## ACTIVITY:
A verbatim copy is needed of the lines below from the one containing "- This handloom" up to and including the one containing "シンプルなモールドカップで薄", excluding pictures.

** Opening DATASET RECORDS block **

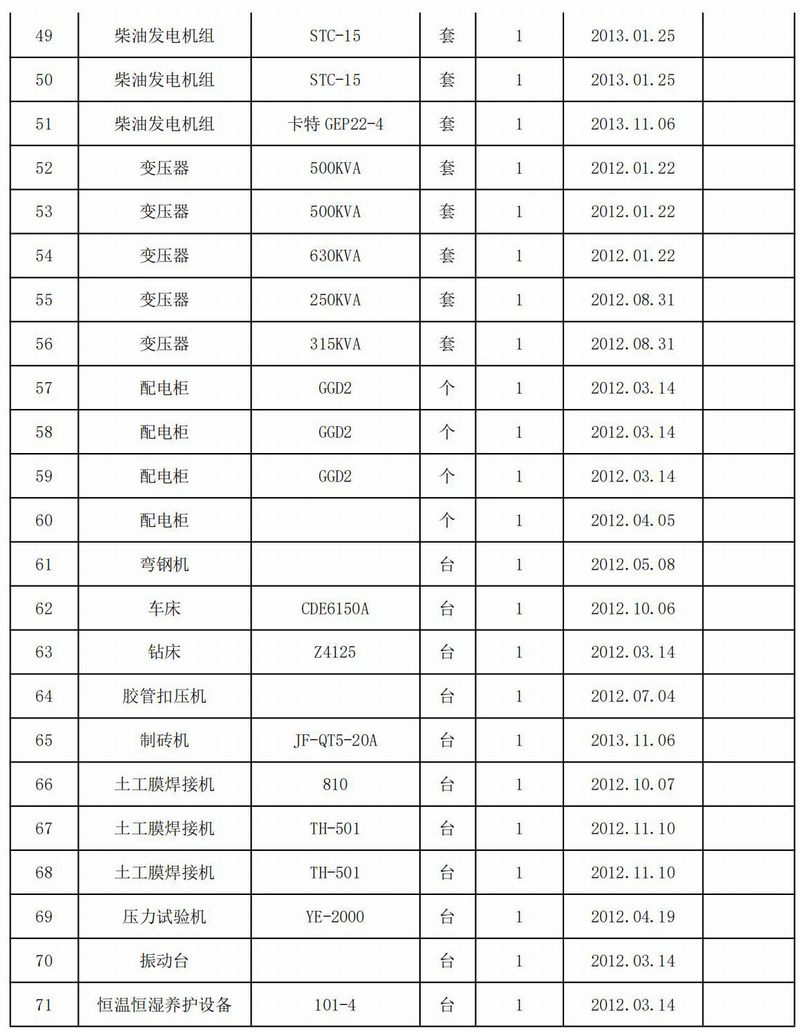本次擬處置廢舊設備71臺套,為我公司承建老撾工程項目時購置,購置時間為2012年。該批設備為永久進口老撾,停放在老撾沙灣拿吉塔班通的項目工地,距老撾首都萬象約650公里。
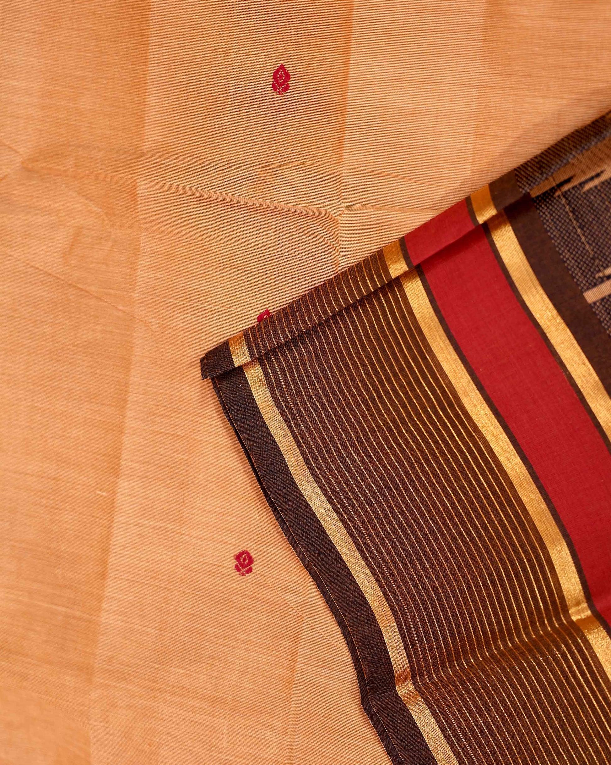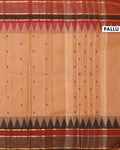 - This handloom Chettinad cotton saree in a classic Beige a traditional weave and a striking temple inspired border.
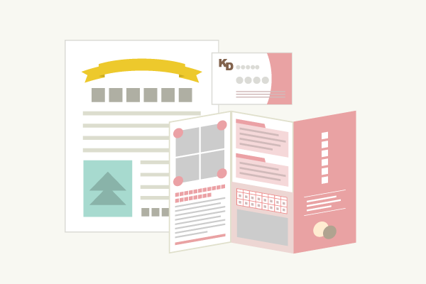 名刺・チラシ・パンフレットやリーフレットなど紙媒体のデザイン制作。
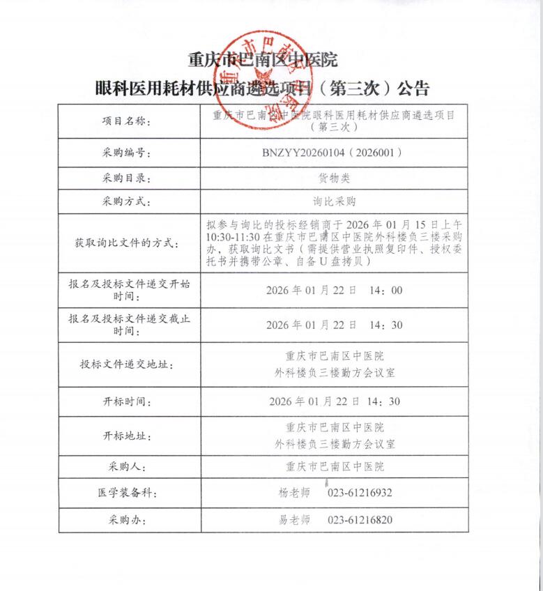 眼科医用耗材供应商遴选项目(第三次)公告
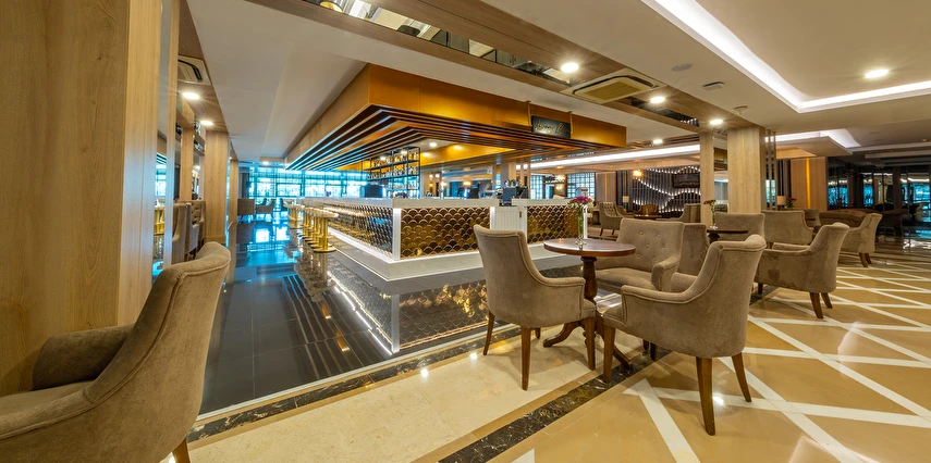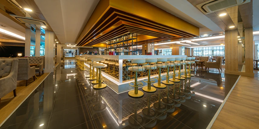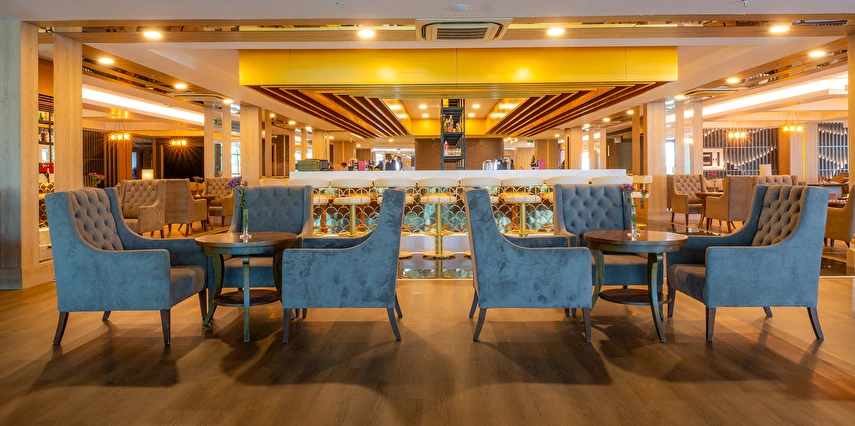 Lounge Bar (18:00 ile 00:00 saatleri arasında)(Sıcak ve soğuk soft içecekler, konsept dahili yerli ve bazı yabancı alkol içkiler)
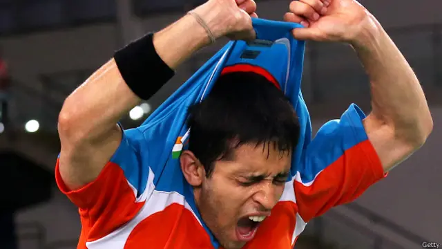 जीत से बेहद ख़ुश कश्यप ने स्टेडियम में ही अपनी टीशर्ट निकालकर लहराई और इसके बाद तिरंगा पहनकर बाहर निकले.
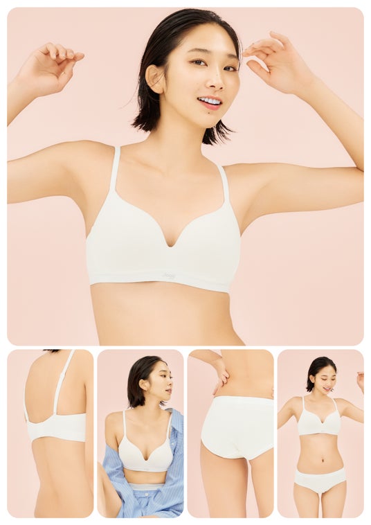 シンプルなモールドカップで薄手のアウターにもあわせやすく、アンダーバストのロゴ入りテープがsloggiらしいアクセントに。カラーは3色展開でホワイトのご用意もあり、ジュニアのファーストブラにもおすすめです。
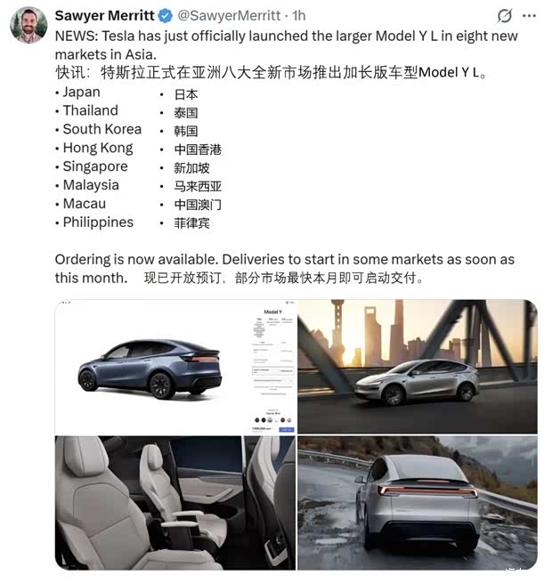 ✨亚太市场:Model Y L成新晋爆款,韩国门店人山人海,八大市场同步开启预订,本月部分地区即可交付,第三排空间获车主高度认可,上海超级工厂出品成品质保障。
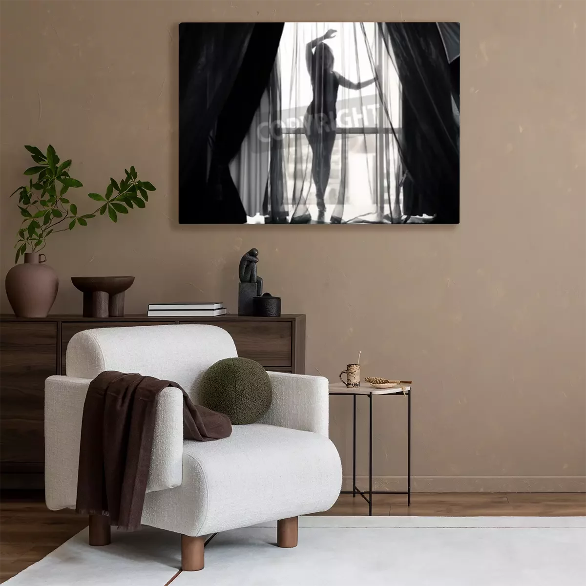 Canvas Zwart en wit portret van sexy mooie jonge dame ontspannen op lichte achtergrond venster

** Closing DATASET RECORDS block **

## REPLY TO THE EXERCISE:
 - This handloom Chettinad cotton saree in a classic Beige a traditional weave and a striking temple inspired border.
 名刺・チラシ・パンフレットやリーフレットなど紙媒体のデザイン制作。
 眼科医用耗材供应商遴选项目(第三次)公告
 Lounge Bar (18:00 ile 00:00 saatleri arasında)(Sıcak ve soğuk soft içecekler, konsept dahili yerli ve bazı yabancı alkol içkiler)
 जीत से बेहद ख़ुश कश्यप ने स्टेडियम में ही अपनी टीशर्ट निकालकर लहराई और इसके बाद तिरंगा पहनकर बाहर निकले.
 シンプルなモールドカップで薄手のアウターにもあわせやすく、アンダーバストのロゴ入りテープがsloggiらしいアクセントに。カラーは3色展開でホワイトのご用意もあり、ジュニアのファーストブラにもおすすめです。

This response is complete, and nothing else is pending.